Records shown.
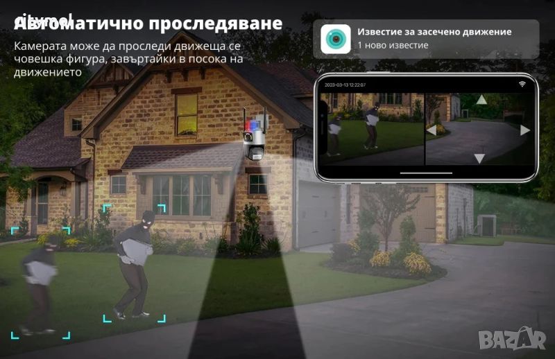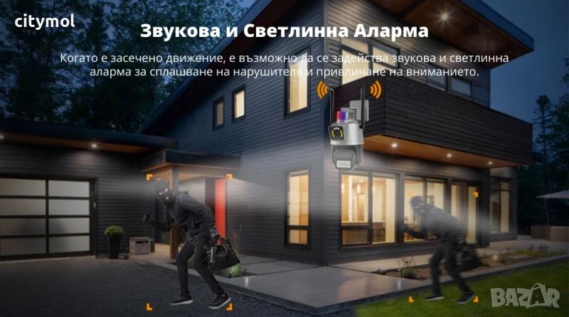 Нов модел иновативна двойна външна WiFi камера с Ultra HD резолюция. Две камери в един корпус: Стационарна и ротационна (въртяща се). 8 Mpx резолюция и за двата обектива. Auto tracking функция за хоризонтално проследяване на движение от ротационната камера. Вграден високочувствителен цифров микрофон за аудио мониторинг и говорител за двупосочна аудио връзка. High Power LED осветители за цветно нощно виждане до 30 метра. Функция за хоризонтално и веетикално проследяване на движението на ротационната камера. Слод за micro SD карта до 128GB. Безплатно мобилно приложение за iPhone и Android - ICSee, XMeye, XMEye Pro за отдалечено наблюдение в реално време и преглед на записите. Завъртане от мобилен телефон по хоризонтала на 355° и по вертикала на 90°. Широкоъгълни обетиви с фокусно разстояние 3.6мм и 6 мм с хоризонтален ъгъл на сцената 90° на стационарната и 120° на въртящата се камера. Функционална стойка даваща възможност за лесен монтаж на таван или стена. Камерата разполага с три нощни режима на работа: Цветен нощен режим, черно-бял нощен режим и цветен нощен режим при движение.
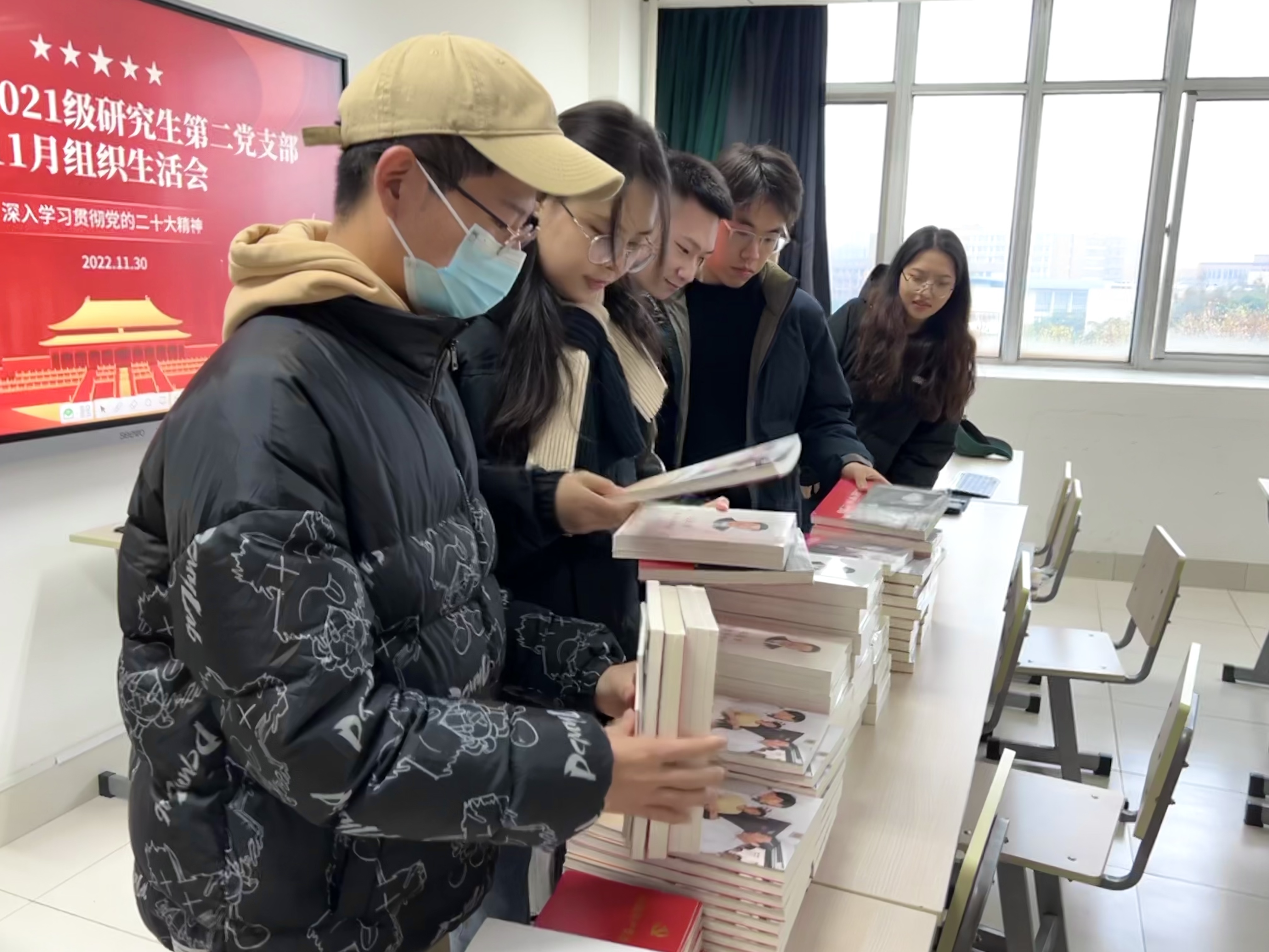 会议开始前,每位党员领取了《中国共产党章程》、《习近平谈治国理政》第四卷、《习近平在上海》等五册学习用书。沉甸甸的书籍承载着学院党委对于各位党员同志的希望,希望各位党员能够在深学细悟理论知识中勇毅前行,在新时代新征程中作出更大贡献。
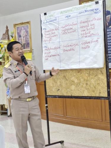 2) กิจกรรมแบ่งกลุ่มแลกเปลี่ยนเรียนรู้ หัวข้อความคาดหวังของประชาชนต่อการขับเคลื่อนงานพัฒนาชุมชนและความต้องการของสำนักงานพัฒนาชุมชนในการทำงานร่วมกับผู้นำชุมชน โดย นายเมธาสิทธิ์ สิริจันทร์ชื่น ผู้อำนวยการกลุ่มงานบริการทางวิชาการ
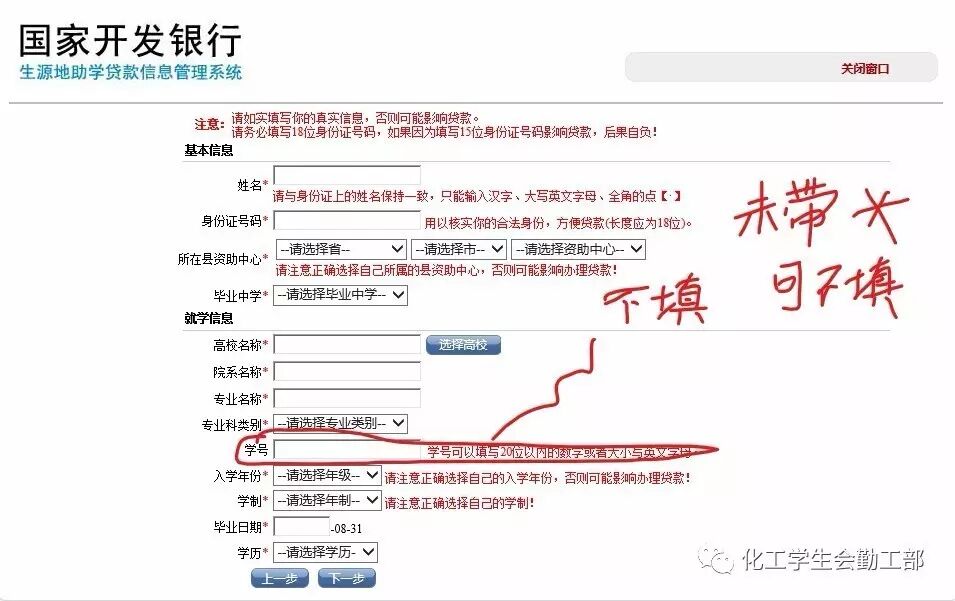 第二小步:点击注册进入该界面,把基本信息填好,学号不填
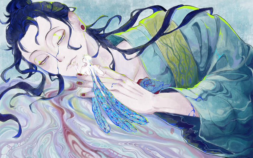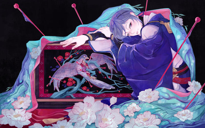 - Thế mạnh của mình là bối cảnh truyền thống Nhật bản và các chủ đề mang yếu tố thần thoại, cổ tích. Mình chủ yếu vẽ nhân vật là nam giới.
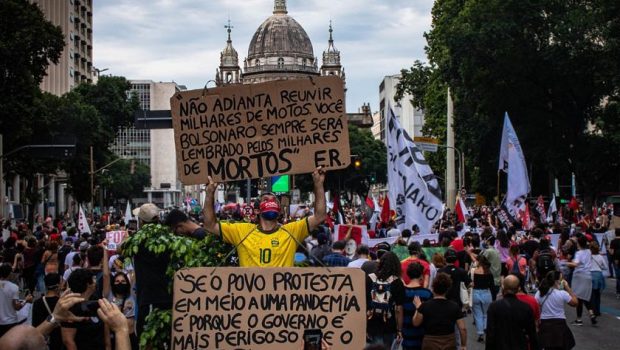 Brezilya’da Kovid-19 salgınına karşı yeterli önlem almayarak yüz binlerce kişinin ölümüne yol açmakla suçlanan Devlet Başkanı Jair Bolsanaro bir kez daha tüm ülkede protesto edildi.
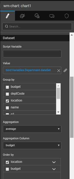 When dealing with charts bound to live variables, you can add additional functionality to these charts. You can order the data, group the data and show the aggregate functions in your chart. The aggregation functions available are average, count, minimum, maximum and sum.

Your goal. Please leave out the pictures as you reproduce the lines exactly, from the first line of the entries through the line containing "- Thế mạnh của".

Output for this task.
 Нов модел иновативна двойна външна WiFi камера с Ultra HD резолюция. Две камери в един корпус: Стационарна и ротационна (въртяща се). 8 Mpx резолюция и за двата обектива. Auto tracking функция за хоризонтално проследяване на движение от ротационната камера. Вграден високочувствителен цифров микрофон за аудио мониторинг и говорител за двупосочна аудио връзка. High Power LED осветители за цветно нощно виждане до 30 метра. Функция за хоризонтално и веетикално проследяване на движението на ротационната камера. Слод за micro SD карта до 128GB. Безплатно мобилно приложение за iPhone и Android - ICSee, XMeye, XMEye Pro за отдалечено наблюдение в реално време и преглед на записите. Завъртане от мобилен телефон по хоризонтала на 355° и по вертикала на 90°. Широкоъгълни обетиви с фокусно разстояние 3.6мм и 6 мм с хоризонтален ъгъл на сцената 90° на стационарната и 120° на въртящата се камера. Функционална стойка даваща възможност за лесен монтаж на таван или стена. Камерата разполага с три нощни режима на работа: Цветен нощен режим, черно-бял нощен режим и цветен нощен режим при движение.
 会议开始前,每位党员领取了《中国共产党章程》、《习近平谈治国理政》第四卷、《习近平在上海》等五册学习用书。沉甸甸的书籍承载着学院党委对于各位党员同志的希望,希望各位党员能够在深学细悟理论知识中勇毅前行,在新时代新征程中作出更大贡献。
 2) กิจกรรมแบ่งกลุ่มแลกเปลี่ยนเรียนรู้ หัวข้อความคาดหวังของประชาชนต่อการขับเคลื่อนงานพัฒนาชุมชนและความต้องการของสำนักงานพัฒนาชุมชนในการทำงานร่วมกับผู้นำชุมชน โดย นายเมธาสิทธิ์ สิริจันทร์ชื่น ผู้อำนวยการกลุ่มงานบริการทางวิชาการ
 第二小步:点击注册进入该界面,把基本信息填好,学号不填
 - Thế mạnh của mình là bối cảnh truyền thống Nhật bản và các chủ đề mang yếu tố thần thoại, cổ tích. Mình chủ yếu vẽ nhân vật là nam giới.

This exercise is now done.